Каким-то подсознательным чувством она понимала, что «беседой» здесь и не пахнет — очень уж серьезен, сосредоточен и молчалив был Ворон. И потом, какие «беседы» могут быть после инцидента с Ликуевой? Но выбора не было — пошла.
С Леной на буксире Ворон вошел в процедурную. И она сразу все поняла. На середину небольшой комнаты была выдвинута кушетка, около неё, в изголовье, стоял стул с маленьким, вроде телевизионного стабилизатора ящичком — каким-то прибором. И зловеще извивались проводки, будто длинные черные змейки, по белому полотну простыни…
Возле кушетки, заложив руки за спину, стояли неразличимо похожие Гоша и Антоша. И еще какие-то люди в белых халатах заполнили небольшой кабинетик.
«ЭсТэ!» — мелькнуло в ее голове. — «Электросудорожная терапия», «сеанс тока»… Этой процедурой пугали тех, кто в отделении вел себя агрессивно или вызывающе грубо, кого не могли успокоить лошадиные дозы нейролептиков и снотворных. Но применяли все же это средство крайне редко.
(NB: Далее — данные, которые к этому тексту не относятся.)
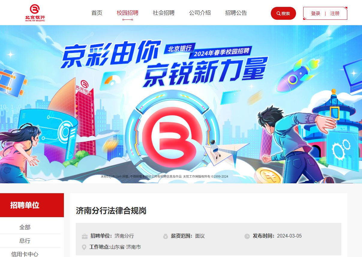 2024北京銀行山東濟南分行法律合規(guī)崗招聘公告已發(fā)布,報名截止日期:2024年3月31日?,F(xiàn)將招聘公告原文發(fā)布如下: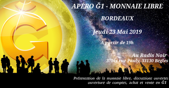 Les utilisateurs de la monnaie libre à Bordeaux vous accueilleront avec toutes vos questions, pour y répondre, le jeudi 23 Mai à partir de 19h pour la première fois au radis noir (37bis Rue Jean Pauly, 33130 Bègles) !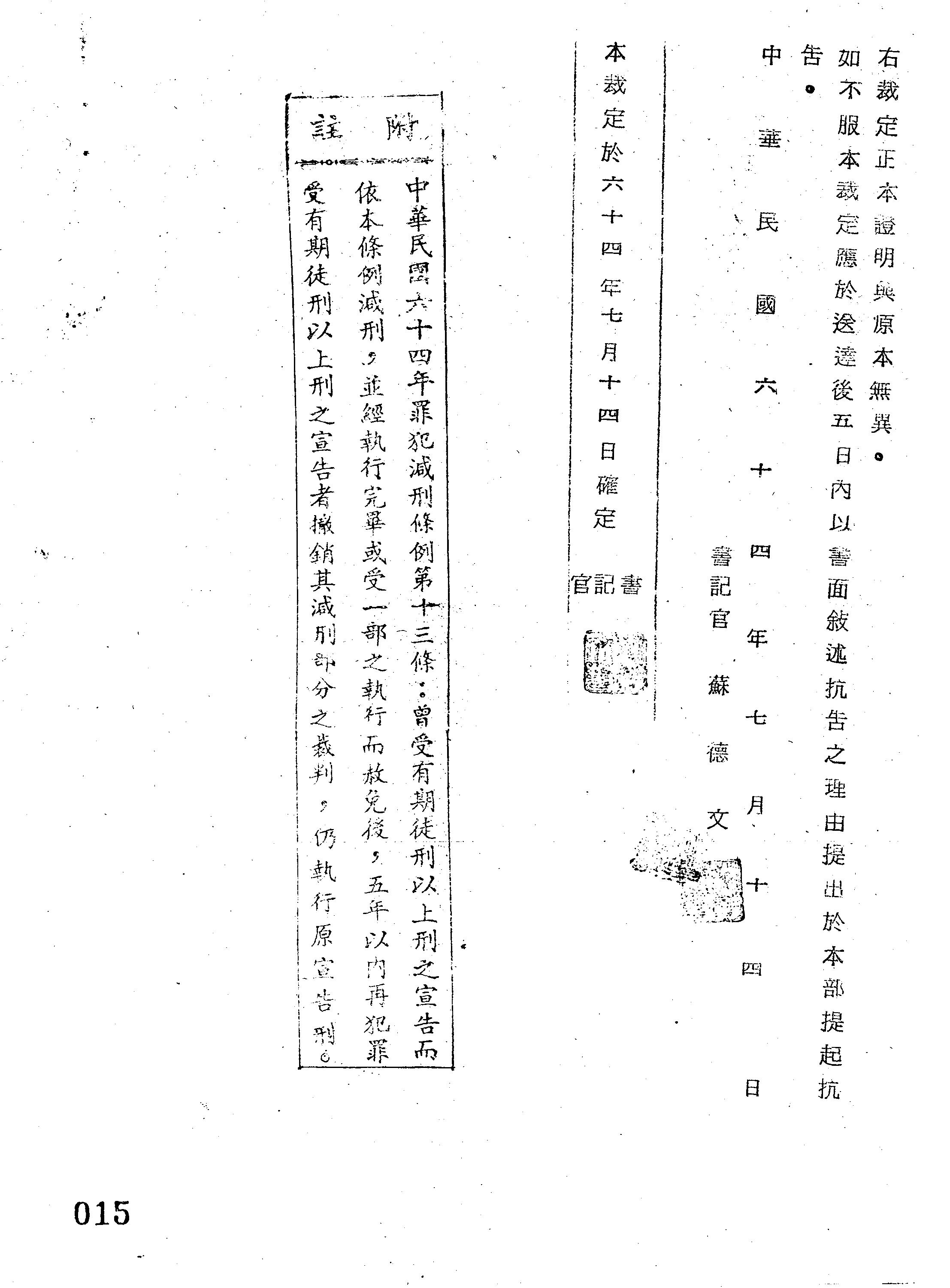 臺灣警備總司令部64年諫減字第0081號裁定書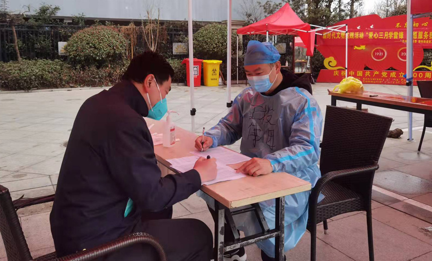 核酸采樣檢測高效完成?!熬用駛冋堊⒁?,咱們小區黃碼檢測點啟用了,請健康碼為黃碼的居民到這邊排隊,請大家佩戴口罩,有序排隊檢測?!薄敖鸱孔印敝驹刚吣弥群暗?。由于該小區部分樓棟被列為中風險區域,部分居民健康碼轉為了黃碼,為此,志愿者小分隊協助社區開設了健康碼“黃碼”人員核酸檢測專用采樣點,解決健康碼“黃碼”人員核酸檢測難的問題。他們從早上7點鐘開始一直堅守在核酸檢測一線,直到下午5點多鐘,終于結束了一天的志愿服務工作,脫下了防護服“戰袍”,肚子“咕咕”地鬧了起來,這才想起竟十幾個小時沒有喝水、吃飯、上廁所了。
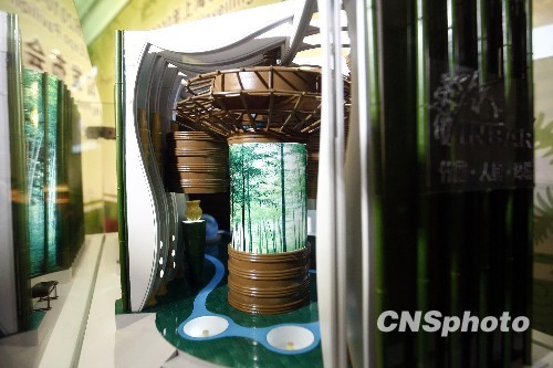 3月18日, 国际竹藤组织(INBAR)在北京发布2010年上海世博会展馆模型。国际竹藤组织将在国际组织联合馆中设立独立展馆,展馆的主题是“竹藤-人居-环境”,这个主题是为了更好地推广倡导竹藤的使用,在降低碳排放的同时,达到减少贫困、环境保护和促进全球平等贸易的目标。中新社发 杜洋 摄

Обычно после сеанса электрошока больных в бессознательном состоянии вытаскивали из процедурной и клали, бесчувственных и неподвижных, как мешки с картошкой, на кровать…
Ей было до ужаса страшно. Но гордость, больная девчоночья гордость — единственное, чем она сейчас владела и чего никому из окружающих не дано было у нее отнять, — эта гордость мешала ей заплакать, попросить прощения, пойти на попятный.
— Ложись! — скомандовал Ворон. И Лена, насмешливо дернув губами, а на самом деле леденея от страха, кивнула:
— Сейчас…
Легла. Антоша и Гоша встали по бокам кушетки. Один из подошедших вплотную интернов вдруг резво и ловко схватил ее за щиколотки, и, согнув ноги в коленях, прижал их к ее груди.
Последнее, что она запомнила, — ощущение холода от мокрых кусочков ваты на висках и противный вкус резины во рту, — все вдруг вспыхнуло в голове, рванулось куда-то вверх и погасло в ослепляющей темноте…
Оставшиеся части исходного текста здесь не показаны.